_WORK REQUIRED_: Pictures must not appear in the copy. Restate exactly the lines below from the one with "5.1: 预测当前第5浪位置(2022-08-12, 4.85),仍然有下跌空间" through the one with "- Unapprove (Phản", inclusive.
++++++
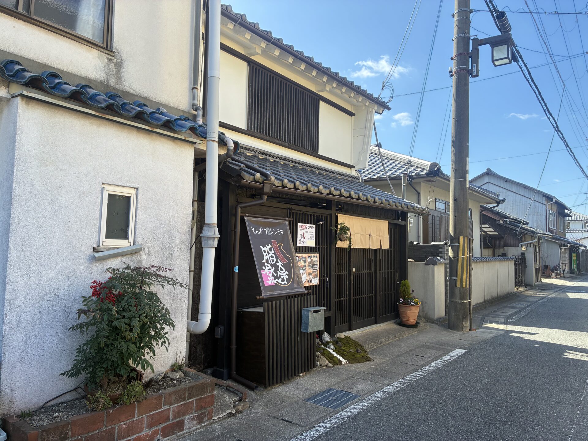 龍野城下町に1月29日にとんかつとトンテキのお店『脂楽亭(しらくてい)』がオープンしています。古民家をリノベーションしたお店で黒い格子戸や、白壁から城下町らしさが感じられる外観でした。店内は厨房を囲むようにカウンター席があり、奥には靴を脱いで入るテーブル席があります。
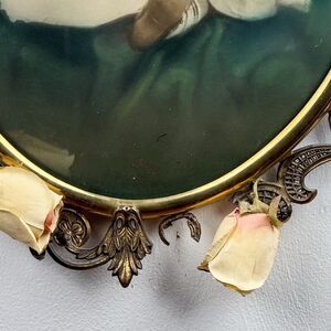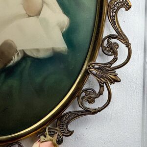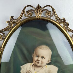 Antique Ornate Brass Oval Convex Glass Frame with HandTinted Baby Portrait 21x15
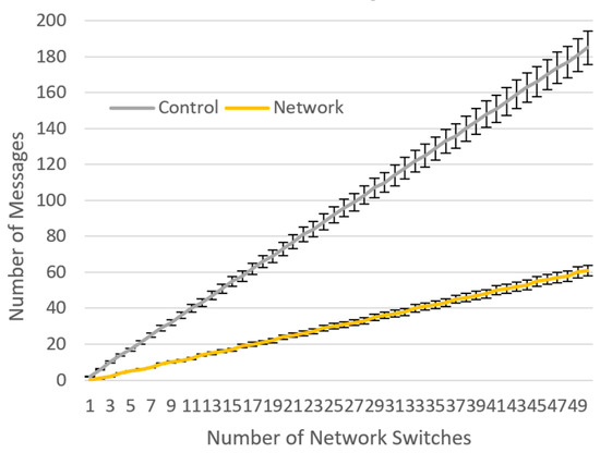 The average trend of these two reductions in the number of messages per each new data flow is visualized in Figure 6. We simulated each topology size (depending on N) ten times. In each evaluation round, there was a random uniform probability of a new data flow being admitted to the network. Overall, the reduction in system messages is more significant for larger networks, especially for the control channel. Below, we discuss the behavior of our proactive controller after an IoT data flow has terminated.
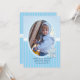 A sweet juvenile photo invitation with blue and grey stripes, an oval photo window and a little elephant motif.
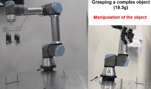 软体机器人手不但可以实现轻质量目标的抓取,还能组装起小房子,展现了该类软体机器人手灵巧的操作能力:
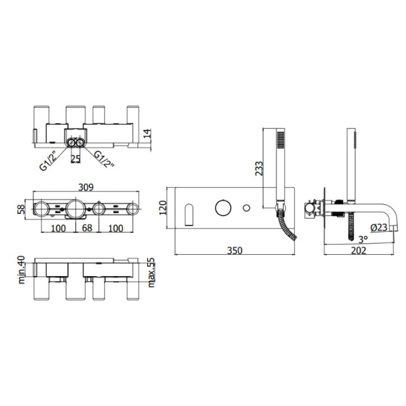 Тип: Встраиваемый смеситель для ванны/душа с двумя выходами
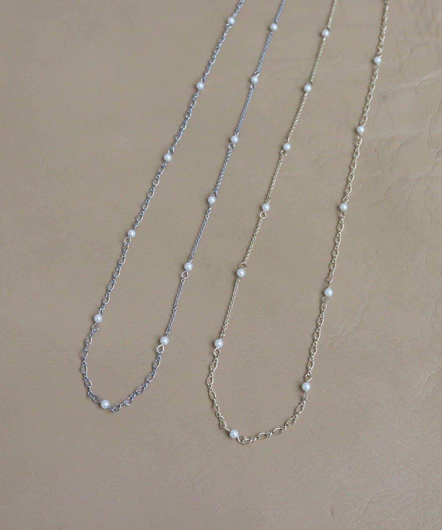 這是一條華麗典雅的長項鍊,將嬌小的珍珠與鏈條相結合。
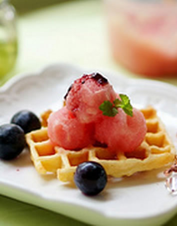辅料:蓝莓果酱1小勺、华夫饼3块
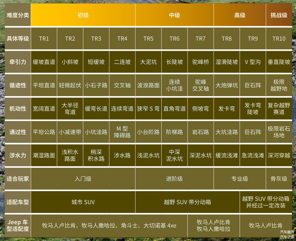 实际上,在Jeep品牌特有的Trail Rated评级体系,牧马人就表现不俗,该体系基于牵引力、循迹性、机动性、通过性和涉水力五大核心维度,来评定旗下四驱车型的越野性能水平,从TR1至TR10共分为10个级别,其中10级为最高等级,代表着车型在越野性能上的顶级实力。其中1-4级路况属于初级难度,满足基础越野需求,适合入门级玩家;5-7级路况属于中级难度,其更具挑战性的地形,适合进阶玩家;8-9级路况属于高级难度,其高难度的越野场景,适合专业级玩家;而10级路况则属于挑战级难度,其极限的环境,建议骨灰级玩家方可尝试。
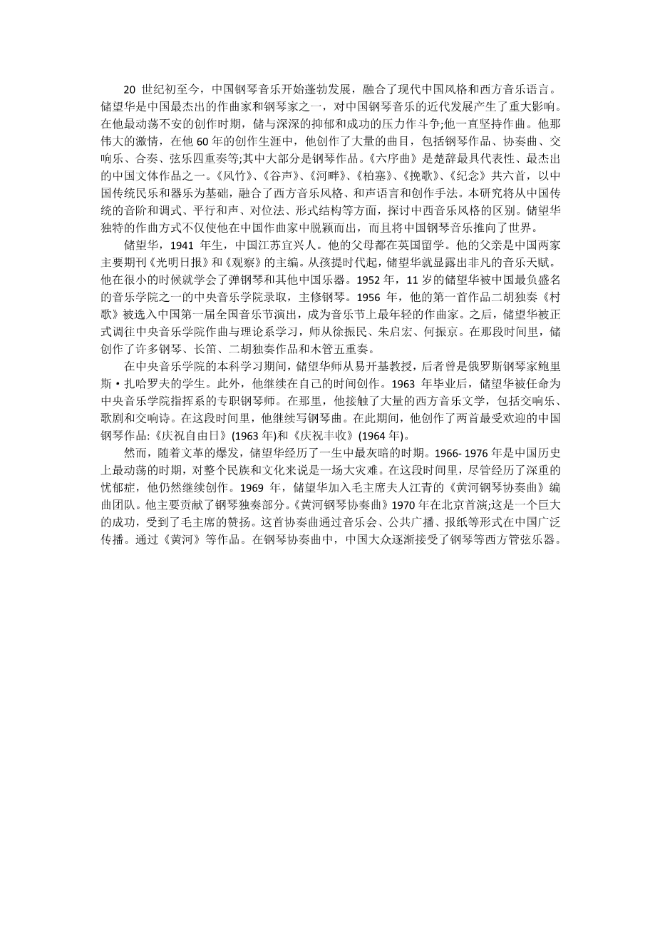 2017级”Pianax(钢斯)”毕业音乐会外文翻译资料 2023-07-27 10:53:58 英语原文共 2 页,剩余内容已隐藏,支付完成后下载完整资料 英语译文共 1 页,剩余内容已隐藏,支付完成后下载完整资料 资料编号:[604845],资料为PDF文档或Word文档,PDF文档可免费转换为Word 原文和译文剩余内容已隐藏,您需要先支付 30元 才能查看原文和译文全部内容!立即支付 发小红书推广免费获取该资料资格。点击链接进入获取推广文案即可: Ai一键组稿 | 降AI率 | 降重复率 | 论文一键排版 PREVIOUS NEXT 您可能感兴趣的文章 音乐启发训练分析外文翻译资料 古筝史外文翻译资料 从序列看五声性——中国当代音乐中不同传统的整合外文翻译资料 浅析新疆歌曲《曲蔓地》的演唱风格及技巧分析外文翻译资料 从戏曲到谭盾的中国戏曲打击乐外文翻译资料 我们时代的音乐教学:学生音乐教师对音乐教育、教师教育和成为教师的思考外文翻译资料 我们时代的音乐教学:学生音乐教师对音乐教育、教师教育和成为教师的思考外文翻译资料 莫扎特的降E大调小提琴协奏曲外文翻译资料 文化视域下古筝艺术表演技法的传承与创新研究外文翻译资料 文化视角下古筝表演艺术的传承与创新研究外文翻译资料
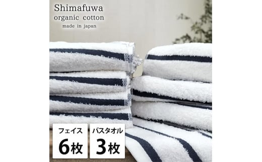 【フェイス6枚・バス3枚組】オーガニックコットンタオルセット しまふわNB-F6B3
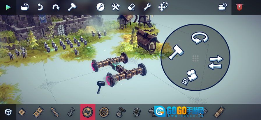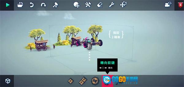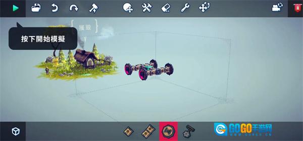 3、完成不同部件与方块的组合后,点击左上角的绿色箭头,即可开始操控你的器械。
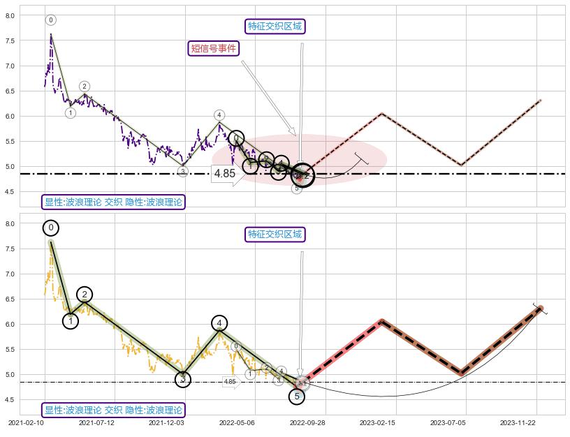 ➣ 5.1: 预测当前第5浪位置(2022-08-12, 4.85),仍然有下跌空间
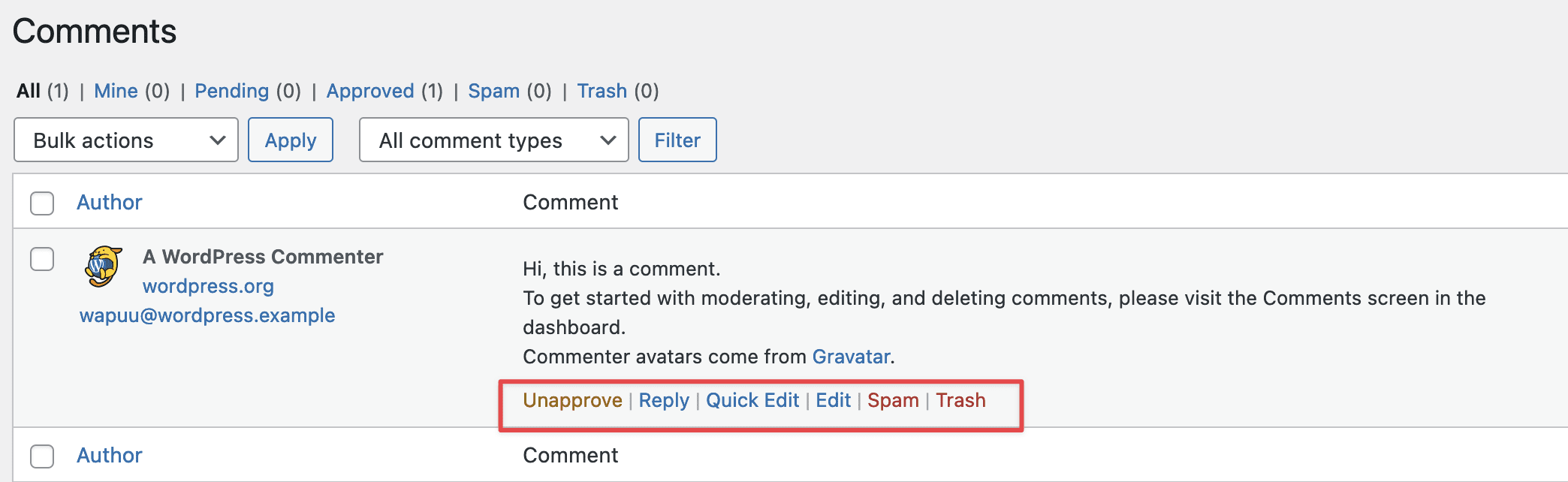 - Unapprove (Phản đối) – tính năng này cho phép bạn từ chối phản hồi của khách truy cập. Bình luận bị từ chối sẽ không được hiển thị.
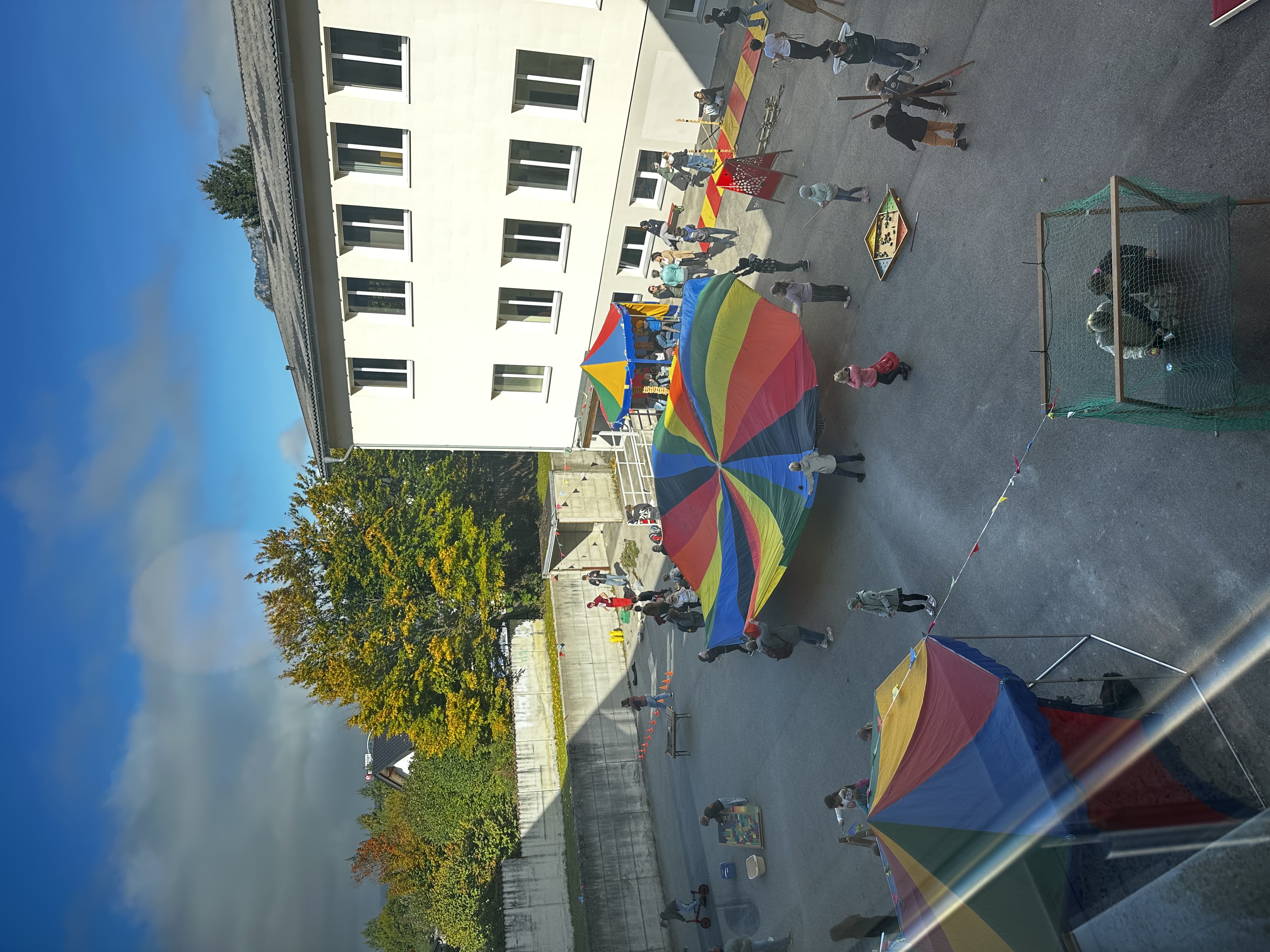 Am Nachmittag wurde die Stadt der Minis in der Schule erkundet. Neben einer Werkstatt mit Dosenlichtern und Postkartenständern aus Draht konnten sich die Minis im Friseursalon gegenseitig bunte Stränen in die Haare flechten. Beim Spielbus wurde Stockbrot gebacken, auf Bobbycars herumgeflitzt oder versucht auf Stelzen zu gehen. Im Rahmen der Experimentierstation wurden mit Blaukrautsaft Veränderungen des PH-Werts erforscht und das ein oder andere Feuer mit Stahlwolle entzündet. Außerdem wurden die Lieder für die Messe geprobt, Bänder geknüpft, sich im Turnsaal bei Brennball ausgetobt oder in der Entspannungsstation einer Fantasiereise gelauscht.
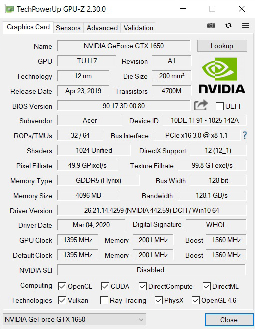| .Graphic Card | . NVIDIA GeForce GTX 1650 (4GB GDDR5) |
++++++
_ANSWER AREA_:
 ➣ 5.1: 预测当前第5浪位置(2022-08-12, 4.85),仍然有下跌空间
 - Unapprove (Phản đối) – tính năng này cho phép bạn từ chối phản hồi của khách truy cập. Bình luận bị từ chối sẽ không được hiển thị.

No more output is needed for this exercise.